Input for this task

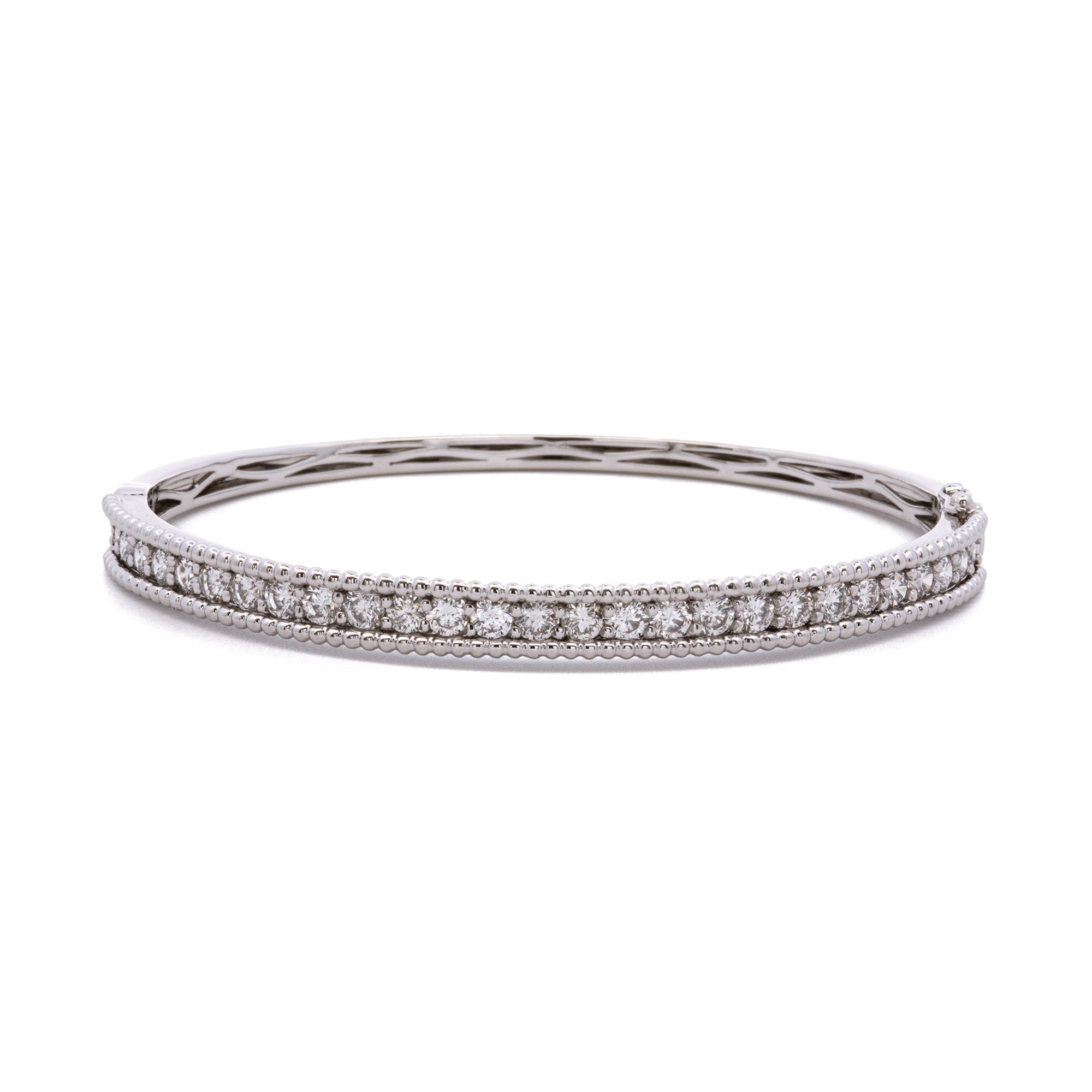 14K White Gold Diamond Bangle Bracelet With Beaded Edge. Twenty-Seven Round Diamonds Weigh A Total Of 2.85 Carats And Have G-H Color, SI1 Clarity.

==

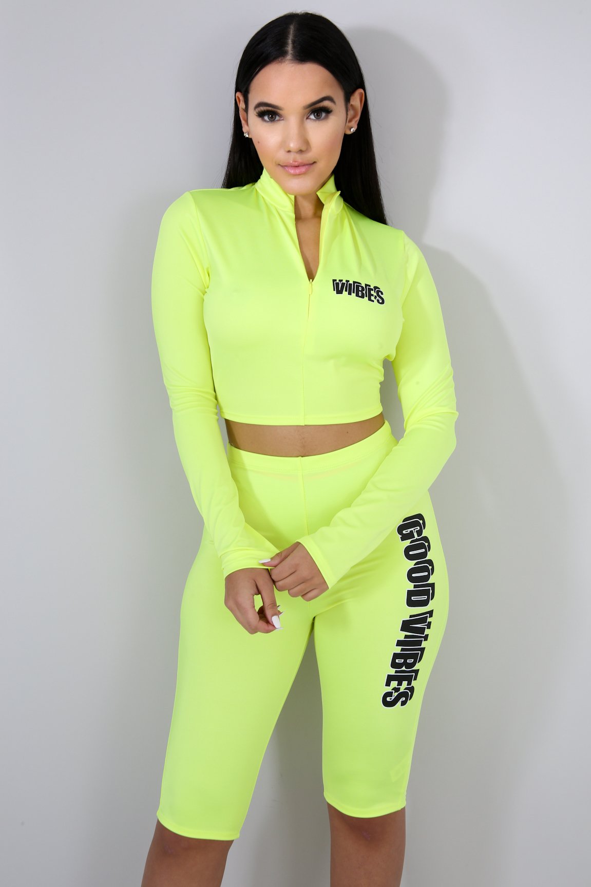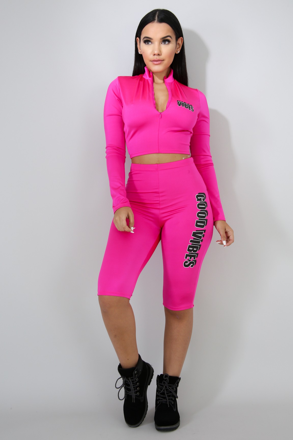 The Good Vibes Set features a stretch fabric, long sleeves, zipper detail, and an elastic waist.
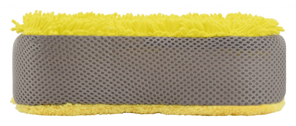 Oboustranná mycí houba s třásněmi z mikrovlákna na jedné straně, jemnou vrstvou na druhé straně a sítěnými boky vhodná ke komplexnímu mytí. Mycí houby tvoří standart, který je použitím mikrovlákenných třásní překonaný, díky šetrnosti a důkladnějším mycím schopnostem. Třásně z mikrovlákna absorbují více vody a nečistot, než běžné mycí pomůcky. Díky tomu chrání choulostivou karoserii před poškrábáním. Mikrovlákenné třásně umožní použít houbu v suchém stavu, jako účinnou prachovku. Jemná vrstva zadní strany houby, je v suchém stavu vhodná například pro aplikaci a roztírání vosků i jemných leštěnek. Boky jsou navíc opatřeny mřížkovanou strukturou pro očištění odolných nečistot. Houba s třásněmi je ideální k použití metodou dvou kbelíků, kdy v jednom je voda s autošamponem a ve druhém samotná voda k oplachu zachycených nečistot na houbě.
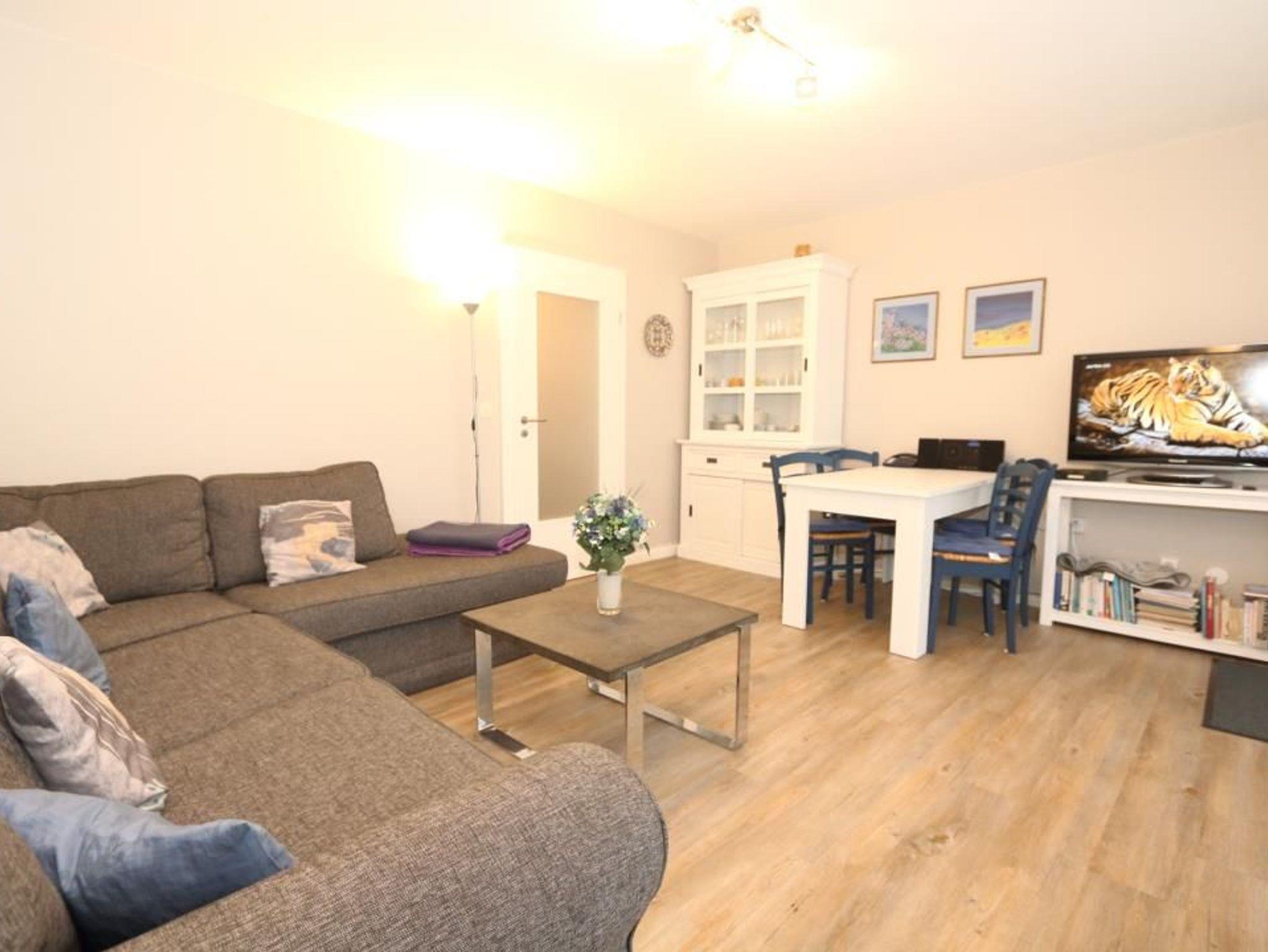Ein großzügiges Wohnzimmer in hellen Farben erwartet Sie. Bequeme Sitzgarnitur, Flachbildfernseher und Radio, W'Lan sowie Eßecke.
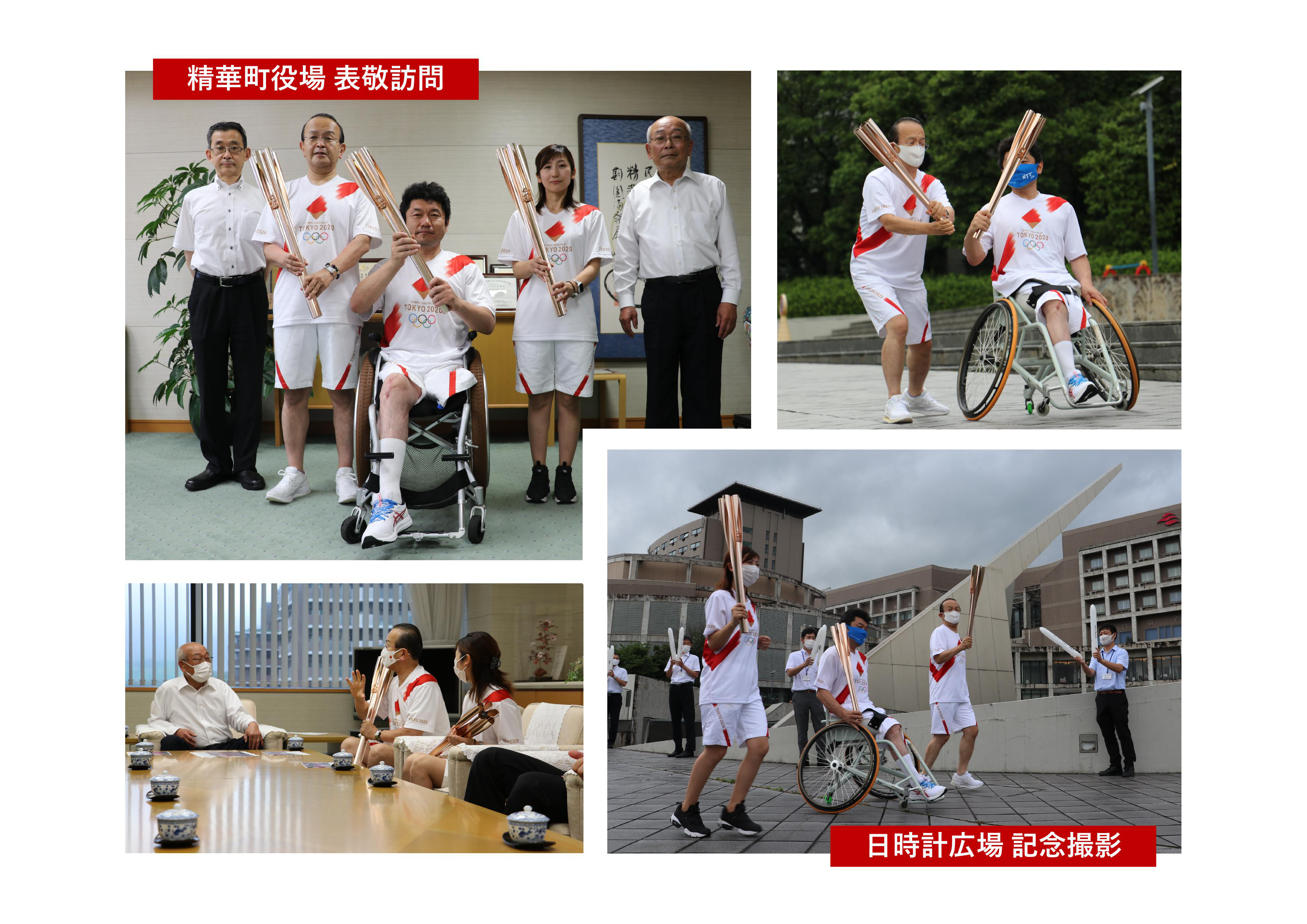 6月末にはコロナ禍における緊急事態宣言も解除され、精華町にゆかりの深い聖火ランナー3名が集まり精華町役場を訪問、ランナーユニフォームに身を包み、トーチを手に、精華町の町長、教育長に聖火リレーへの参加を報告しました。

==

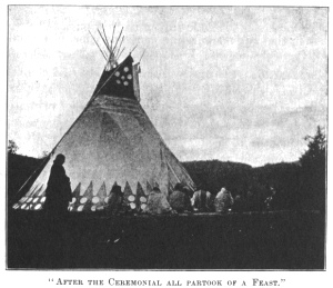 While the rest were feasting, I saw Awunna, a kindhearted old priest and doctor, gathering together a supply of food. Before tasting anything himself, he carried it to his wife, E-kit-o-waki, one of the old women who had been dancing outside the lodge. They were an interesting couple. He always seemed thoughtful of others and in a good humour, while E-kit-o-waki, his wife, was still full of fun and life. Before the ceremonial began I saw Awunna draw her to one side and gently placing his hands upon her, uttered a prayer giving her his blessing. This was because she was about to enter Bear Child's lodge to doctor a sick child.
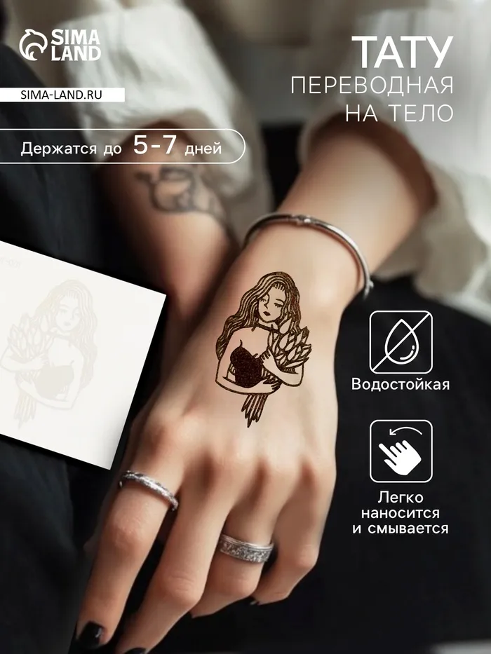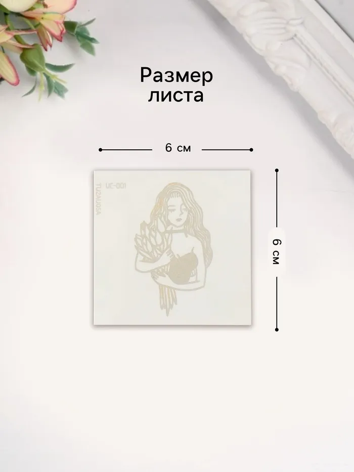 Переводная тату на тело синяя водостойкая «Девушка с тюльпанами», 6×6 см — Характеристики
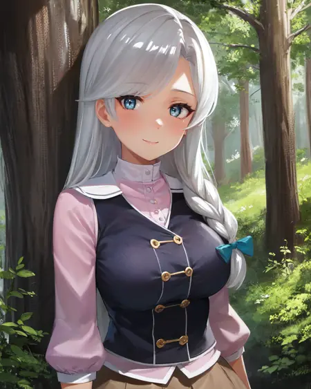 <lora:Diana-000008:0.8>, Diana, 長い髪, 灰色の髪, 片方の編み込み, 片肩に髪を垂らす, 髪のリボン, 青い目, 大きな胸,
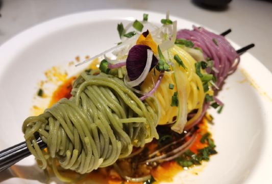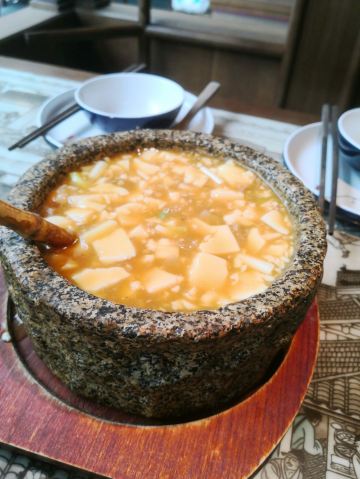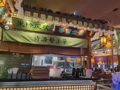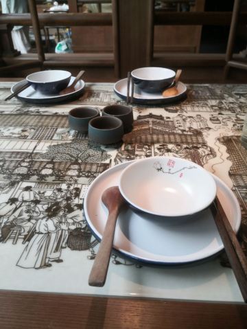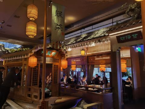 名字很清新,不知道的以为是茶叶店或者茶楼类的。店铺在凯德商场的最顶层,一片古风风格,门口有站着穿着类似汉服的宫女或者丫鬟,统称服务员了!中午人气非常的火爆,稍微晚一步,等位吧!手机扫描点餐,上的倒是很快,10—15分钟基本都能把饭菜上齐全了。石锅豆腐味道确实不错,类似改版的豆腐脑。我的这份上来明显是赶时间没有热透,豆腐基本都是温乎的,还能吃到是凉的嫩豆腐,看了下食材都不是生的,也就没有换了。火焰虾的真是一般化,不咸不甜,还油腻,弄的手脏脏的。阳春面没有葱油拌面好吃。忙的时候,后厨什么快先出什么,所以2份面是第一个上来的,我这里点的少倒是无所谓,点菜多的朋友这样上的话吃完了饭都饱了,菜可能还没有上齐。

Task to complete
Each line above starting at the one holding "While the rest" and ending at the one holding "名字很清新,不知道的以为是茶" should be set down exactly as it stands, both ends included, with no pictures.

Finished exercise
 While the rest were feasting, I saw Awunna, a kindhearted old priest and doctor, gathering together a supply of food. Before tasting anything himself, he carried it to his wife, E-kit-o-waki, one of the old women who had been dancing outside the lodge. They were an interesting couple. He always seemed thoughtful of others and in a good humour, while E-kit-o-waki, his wife, was still full of fun and life. Before the ceremonial began I saw Awunna draw her to one side and gently placing his hands upon her, uttered a prayer giving her his blessing. This was because she was about to enter Bear Child's lodge to doctor a sick child.
 Переводная тату на тело синяя водостойкая «Девушка с тюльпанами», 6×6 см — Характеристики
 <lora:Diana-000008:0.8>, Diana, 長い髪, 灰色の髪, 片方の編み込み, 片肩に髪を垂らす, 髪のリボン, 青い目, 大きな胸,
 名字很清新,不知道的以为是茶叶店或者茶楼类的。店铺在凯德商场的最顶层,一片古风风格,门口有站着穿着类似汉服的宫女或者丫鬟,统称服务员了!中午人气非常的火爆,稍微晚一步,等位吧!手机扫描点餐,上的倒是很快,10—15分钟基本都能把饭菜上齐全了。石锅豆腐味道确实不错,类似改版的豆腐脑。我的这份上来明显是赶时间没有热透,豆腐基本都是温乎的,还能吃到是凉的嫩豆腐,看了下食材都不是生的,也就没有换了。火焰虾的真是一般化,不咸不甜,还油腻,弄的手脏脏的。阳春面没有葱油拌面好吃。忙的时候,后厨什么快先出什么,所以2份面是第一个上来的,我这里点的少倒是无所谓,点菜多的朋友这样上的话吃完了饭都饱了,菜可能还没有上齐。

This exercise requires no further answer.